- _Your task_
The records below hold a stretch from the line with "Régulièrement des invités" through the line with "Eelakadeemias osalejate arv, kursused"; return exactly those lines, ends included, and nothing more.

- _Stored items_
_ _ _ _

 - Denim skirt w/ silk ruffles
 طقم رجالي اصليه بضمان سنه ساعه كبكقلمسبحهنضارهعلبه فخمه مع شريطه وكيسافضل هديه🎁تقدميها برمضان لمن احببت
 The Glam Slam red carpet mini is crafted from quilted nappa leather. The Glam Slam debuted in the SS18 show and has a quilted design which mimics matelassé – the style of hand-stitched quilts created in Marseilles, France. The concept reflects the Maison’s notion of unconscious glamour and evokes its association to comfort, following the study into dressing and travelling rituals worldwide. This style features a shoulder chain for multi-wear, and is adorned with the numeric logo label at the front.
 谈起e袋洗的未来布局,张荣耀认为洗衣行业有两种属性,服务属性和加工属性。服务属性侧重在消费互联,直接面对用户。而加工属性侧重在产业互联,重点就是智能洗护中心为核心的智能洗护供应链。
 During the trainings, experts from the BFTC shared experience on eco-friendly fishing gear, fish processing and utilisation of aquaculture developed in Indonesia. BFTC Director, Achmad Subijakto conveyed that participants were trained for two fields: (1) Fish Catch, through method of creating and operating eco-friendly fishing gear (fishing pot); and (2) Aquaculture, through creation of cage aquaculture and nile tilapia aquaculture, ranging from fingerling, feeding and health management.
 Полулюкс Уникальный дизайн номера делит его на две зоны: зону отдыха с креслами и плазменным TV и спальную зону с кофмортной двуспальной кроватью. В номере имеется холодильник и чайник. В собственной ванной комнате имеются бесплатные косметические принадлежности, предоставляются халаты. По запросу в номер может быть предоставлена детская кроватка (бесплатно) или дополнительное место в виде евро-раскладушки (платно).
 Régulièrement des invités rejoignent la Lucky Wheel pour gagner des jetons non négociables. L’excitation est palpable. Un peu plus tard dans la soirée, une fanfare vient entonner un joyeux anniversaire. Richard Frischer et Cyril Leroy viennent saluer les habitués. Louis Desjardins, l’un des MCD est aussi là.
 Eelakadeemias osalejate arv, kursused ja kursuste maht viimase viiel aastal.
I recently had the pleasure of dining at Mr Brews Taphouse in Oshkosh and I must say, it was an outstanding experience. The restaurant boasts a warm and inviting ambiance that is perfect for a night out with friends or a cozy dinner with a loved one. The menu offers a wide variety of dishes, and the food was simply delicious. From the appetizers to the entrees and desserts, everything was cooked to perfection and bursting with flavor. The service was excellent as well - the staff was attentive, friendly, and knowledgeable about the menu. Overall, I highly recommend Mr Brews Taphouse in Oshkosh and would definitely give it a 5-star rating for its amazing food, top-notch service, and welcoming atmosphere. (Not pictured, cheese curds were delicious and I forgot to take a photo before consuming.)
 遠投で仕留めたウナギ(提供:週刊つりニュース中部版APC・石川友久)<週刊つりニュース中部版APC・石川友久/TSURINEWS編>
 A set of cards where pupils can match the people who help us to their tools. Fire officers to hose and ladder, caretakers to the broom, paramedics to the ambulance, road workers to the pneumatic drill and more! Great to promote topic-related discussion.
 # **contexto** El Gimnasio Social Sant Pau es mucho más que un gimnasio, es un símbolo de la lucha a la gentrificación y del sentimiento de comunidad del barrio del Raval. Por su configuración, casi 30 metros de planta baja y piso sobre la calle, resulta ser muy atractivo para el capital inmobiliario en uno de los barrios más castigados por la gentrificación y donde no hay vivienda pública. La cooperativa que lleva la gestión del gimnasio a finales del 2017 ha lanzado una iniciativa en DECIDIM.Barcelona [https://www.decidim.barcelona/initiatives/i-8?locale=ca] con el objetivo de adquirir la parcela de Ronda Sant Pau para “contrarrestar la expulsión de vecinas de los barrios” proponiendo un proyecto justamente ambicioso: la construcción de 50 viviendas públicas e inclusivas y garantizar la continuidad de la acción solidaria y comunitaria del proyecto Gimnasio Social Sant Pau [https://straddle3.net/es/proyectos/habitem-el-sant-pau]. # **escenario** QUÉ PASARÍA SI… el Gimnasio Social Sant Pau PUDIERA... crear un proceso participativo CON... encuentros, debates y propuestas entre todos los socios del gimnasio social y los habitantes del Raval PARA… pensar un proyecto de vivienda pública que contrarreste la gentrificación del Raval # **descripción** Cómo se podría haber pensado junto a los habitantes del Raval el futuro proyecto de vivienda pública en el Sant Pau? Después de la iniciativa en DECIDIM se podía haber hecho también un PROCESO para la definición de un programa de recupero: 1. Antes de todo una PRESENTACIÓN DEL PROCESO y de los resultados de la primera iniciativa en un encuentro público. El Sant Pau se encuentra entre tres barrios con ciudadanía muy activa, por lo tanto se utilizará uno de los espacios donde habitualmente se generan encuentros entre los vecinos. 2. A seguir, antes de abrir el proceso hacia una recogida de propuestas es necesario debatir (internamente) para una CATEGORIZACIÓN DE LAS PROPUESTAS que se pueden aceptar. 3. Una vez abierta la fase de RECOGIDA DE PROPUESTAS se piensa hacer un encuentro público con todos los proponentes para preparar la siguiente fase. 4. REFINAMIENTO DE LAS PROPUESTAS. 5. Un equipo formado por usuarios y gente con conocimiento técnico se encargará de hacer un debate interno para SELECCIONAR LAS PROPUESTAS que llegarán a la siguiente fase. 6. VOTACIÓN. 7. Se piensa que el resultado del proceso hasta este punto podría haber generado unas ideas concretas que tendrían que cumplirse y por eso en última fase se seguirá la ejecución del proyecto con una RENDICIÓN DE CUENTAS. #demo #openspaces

_ _ _ _

- _Exercise response_
 Régulièrement des invités rejoignent la Lucky Wheel pour gagner des jetons non négociables. L’excitation est palpable. Un peu plus tard dans la soirée, une fanfare vient entonner un joyeux anniversaire. Richard Frischer et Cyril Leroy viennent saluer les habitués. Louis Desjardins, l’un des MCD est aussi là.
 Eelakadeemias osalejate arv, kursused ja kursuste maht viimase viiel aastal.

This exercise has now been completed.